The English language is notable for the abundance of synonyms for many words, which enriches prose by offering opportunities for elegant variation, the use of synonyms to avoid repetitive use of one word. Another benefit is that the writer can select a particular synonym to express connotation, the implication of a sense or value for a word.
For example, eager and anxious are often used interchangeably to indicate someone’s anticipation of an impending event. However, eager implies that the person looks forward to the occurrence, while the connotation of anxious is that they dread it. (Unfortunately, this distinction is weakening in modern English usage.)
The careful writer takes note not only of a word’s meaning but also its connotation, because failure to do so can obscure the writer’s intent.
Various synonyms for thin used to describe a person, for example, have a wide variety of connotations. A slender person is one with a pleasing economy of form, and svelte adds a sense of fashionable presentation. A skinny person, meanwhile, is excessively thin, and gaunt emphasizes an unhealthful state. Wiry, meanwhile, connotes a tough, lean build acquired through hard work, while lithe suggests a graceful quality.
By the same token, it’s one thing to say someone is confident, but cocksure is a negative appraisal. A stubborn person, meanwhile, could be described by a proponent as resolute and by a foe as obstinate.
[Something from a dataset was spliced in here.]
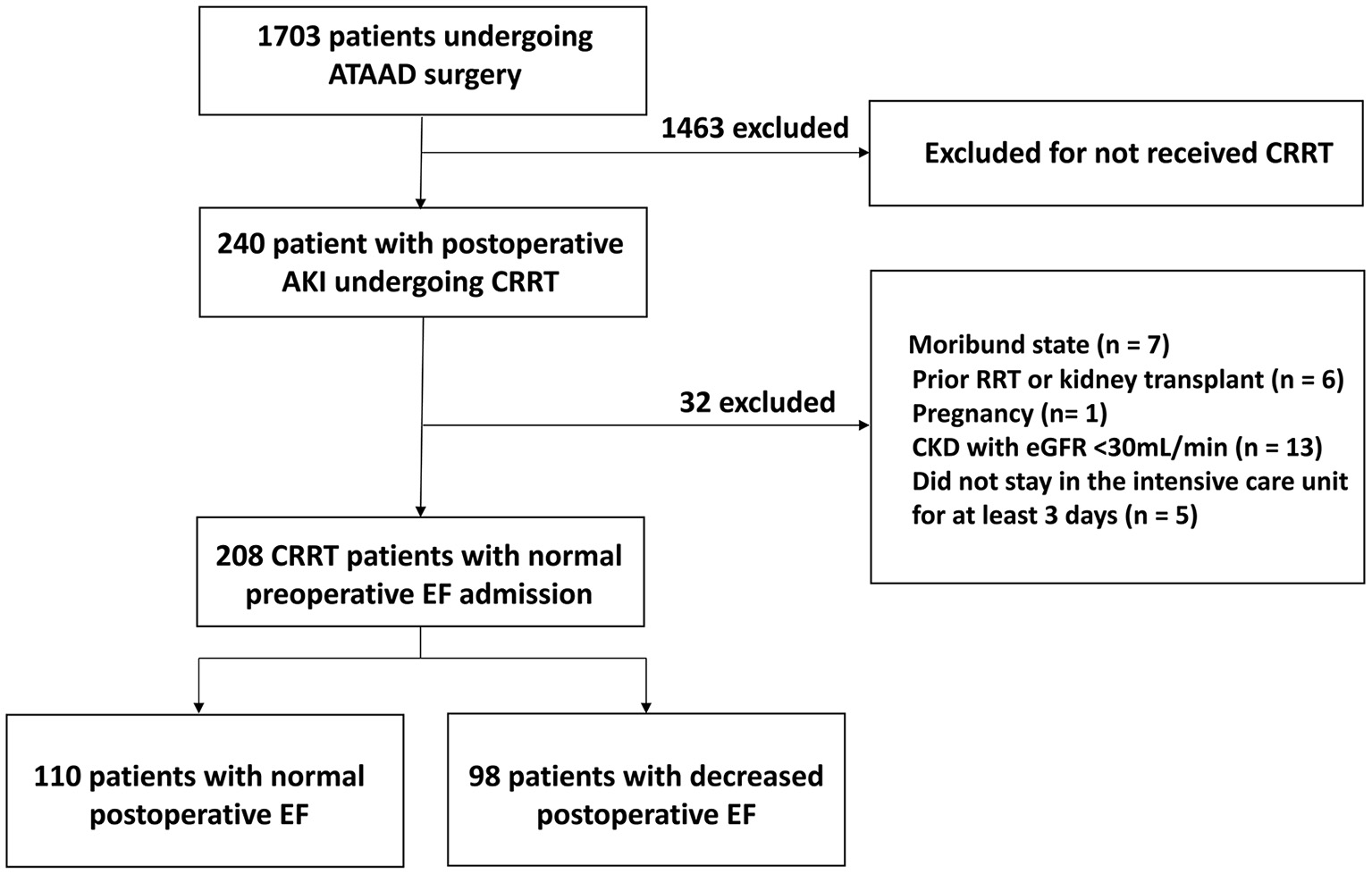 This study was a retrospective analysis. ATAAD patients from Beijing Anzhen Hospital with normal preoperative EF and postoperative CRRT for AKI, admitted between January 2014 and November 2021 were included in this study. Inclusion criteria were as follows: (1) patients' age ≥18 years old; (2) patients who underwent ATAAD surgery with moderate hypothermic circulatory arrest; (3) patients who underwent CRRT due to postoperative AKI; (4) preoperative echocardiography revealing normal EF (EF ≥50%); (5) patients who needed hospitalization in intensive care unit (ICU) for at least 3 days. Exclusion criteria were as follows: (1) abnormal EF revealed by preoperative echocardiography (EF <50%); (2) patients with a history of undergoing renal replacement therapy (RRT); (3) pregnant women; (4) moribund patients with expected death within 24 h; (5) patients with a history of chronic renal insufficiency (meeting any of the following criteria for more than 3 months: proteinuria ≥30 mg/24 h; albumin-to-creatinine ratio ≥3 mmol; abnormal urinalysis routine; electrolyte disorders caused by acute tubular necrosis; abnormal renal pathology; abnormal renal imaging; renal transplantation; estimated glomerular filtration rate [eGFR] <30 mL/min). This study was approved by the Institutional Ethics Committee of the Beijing Anzhen Hospital Affiliated to Capital Medical University.

Novice is (or is intended to be) a neutral term, but many synonyms for the word, such as greenhorn, newbie, rookie, and tenderfoot, are uncomplimentary or at least often used to poke fun. (Apprentice, neophyte, recruit, and tyro are gentler terms.) Synonyms can differ in formality, as in the difference between car and automobile, but the difference is often one of value instead (or in addition).
Keep in mind, too, that a single word can have more than one connotation. For example, a person descried as earthy might be simple and practical, or might be unsophisticated or coarse. (Earthy is also a synonym for crude.)
Use of precise terms in fiction and nonfiction alike is encouraged, but be sure the sense you intend is the one conveyed: Consult dictionaries and usage guides, and when you employ a thesaurus or a synonym finder to find a more interesting or more precise alternative to pedestrian prose, make sure you select the appropriate word based on your meaning.